Sidewalks, as Canadian-American author Jane Jacobs puts it, are where people come together. “(They) bring people who do not know each other together in an intimate, private social fashion,” she writes. Such street-play is obvious in many of India’s populous cities — from Mumbai, Varanasi and Ahmedabad to Jaisalmer. The idea of a ‘public place’ is fluid in India, unlike the defined European piazzas. So, a city displays the many layers it inhabits on its streets. As the sun rises, city life slowly unfolds — and the start of day can be seen in various forms on the streets. The owner of a commercial unit, for instance, prays publicly, as someone cleans the roads. Sometimes, the town’s topography defines its life, as in Pushkar, where streets run in concentric circles around it. Indian streets are accommodative of animals as well as humans. This is evident in Varanasi, where one has to make space for cows to pass in the city’s maze of lanes.

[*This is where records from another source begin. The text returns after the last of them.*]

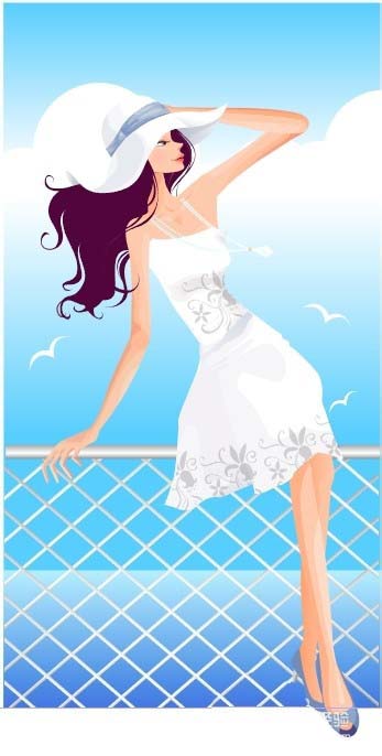 7、绘制出女子的大帽子的路径,我们用灰白色与蓝色搭配填充帽子的主体与修饰彩带。
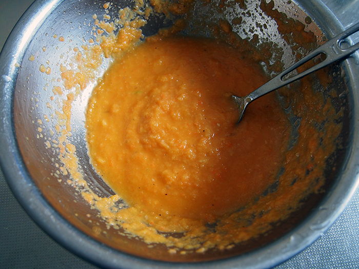 野菜ピューレに、サラダ油を少量ずつ入れつつ泡だて器で撹拌し、マヨネーズ状にする。
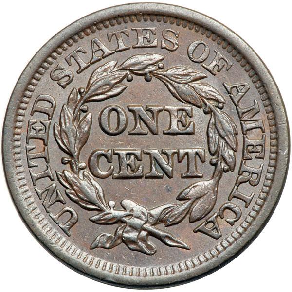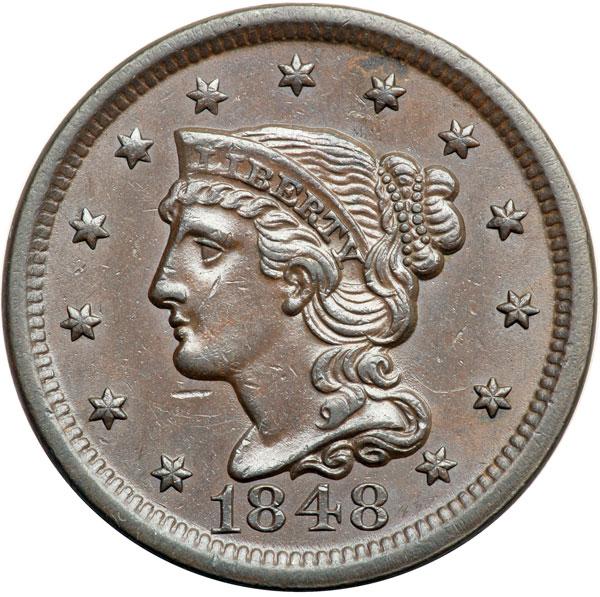 1848 N-39 R5+ EF45. Five points sharper with a few too many light marks on the obverse for the sharpness grade, including a horizontal nick in the field close under the chin. Frosty bluish steel brown with mint luster filling the protected areas. E-MDS, die state a. Fine die polishing lines show at the dentils over UNIT, but they are faint. There is no state b for this variety. CC#3 for this tough variety. DWH #2111.

The public and the private aspects of a place are diffused during festivals and holidays in India. The stretch between Bhadra Fort and Teen Darwaza in Ahmedabad comes alive on Sundays and the variety of activities taking place there gives a peculiar vibrancy to Old Ahmedabad. A street in Girgaon, Maharashtra, on Gudi Padwa witnesses people coming out of their homes and reclaiming the space.
Architect Balkrishna Doshi compared buildings to a living organism; I believe the same can be said of cities. The streets, then, become the arteries that course through them.